*** Data excerpt Section Begins ***

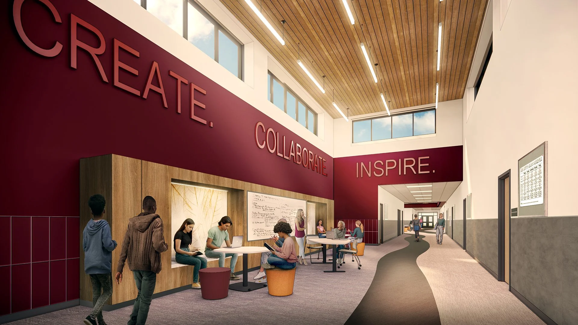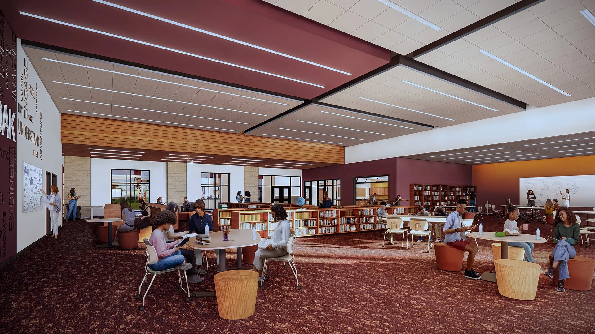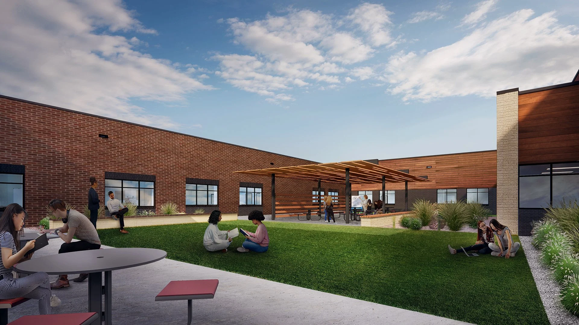The school layout will house academics on one half of the campus and electives and extra-curricular activities on the other side, allowing for a quiet and less quiet concept. Three academic wings will include three interior courtyards for outdoor learning. The cafetorium and library design is flexible for both daily functions and evening activities. The school’s main gym will serve as the required storm shelter and outdoor PE and athletics will include tennis courts and a multi-sport field with a track.
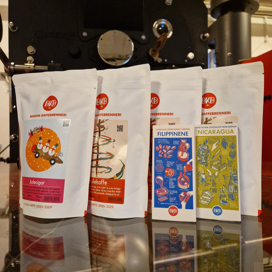 4 x 250g poser med unike kaffetyper, og BKB boken "K for kaffe"
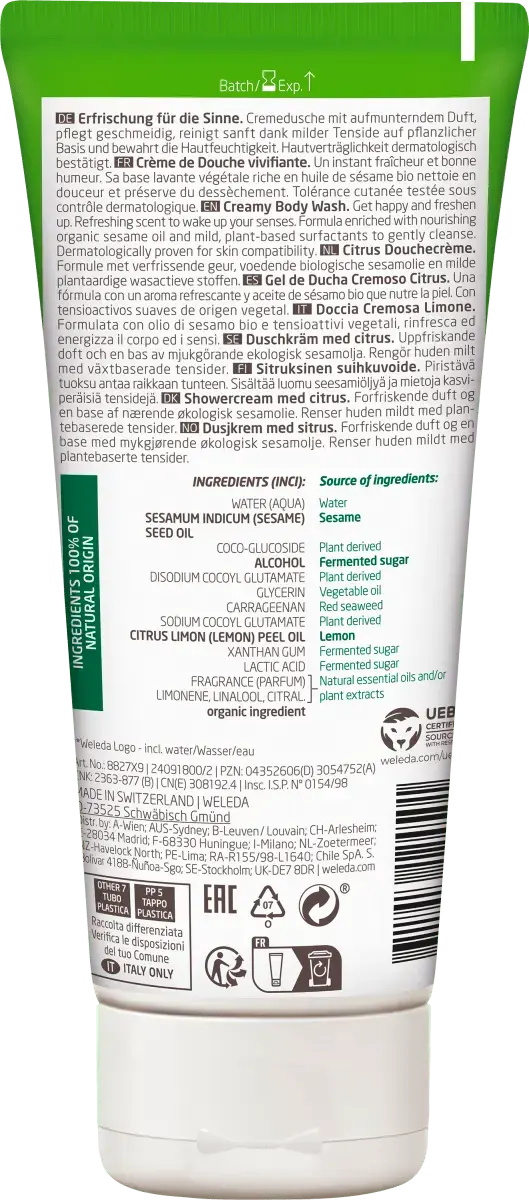 Крем-душ «Цитрусовый» от Weleda. Их ободряющий аромат освежает ваши чувства. Он также обеспечивает мягкий уход, мягко очищает благодаря мягким поверхностно-активным веществам растительного происхождения и сохраняет влагу в коже. Совместимость с кожей подтверждена дерматологически.

*** Data excerpt Section Ends ***

= Task to complete =
When you repeat the material, keep every word exact and drop the pictures.

= Written solution =
The school layout will house academics on one half of the campus and electives and extra-curricular activities on the other side, allowing for a quiet and less quiet concept. Three academic wings will include three interior courtyards for outdoor learning. The cafetorium and library design is flexible for both daily functions and evening activities. The school’s main gym will serve as the required storm shelter and outdoor PE and athletics will include tennis courts and a multi-sport field with a track.
 4 x 250g poser med unike kaffetyper, og BKB boken "K for kaffe"
 Крем-душ «Цитрусовый» от Weleda. Их ободряющий аромат освежает ваши чувства. Он также обеспечивает мягкий уход, мягко очищает благодаря мягким поверхностно-активным веществам растительного происхождения и сохраняет влагу в коже. Совместимость с кожей подтверждена дерматологически.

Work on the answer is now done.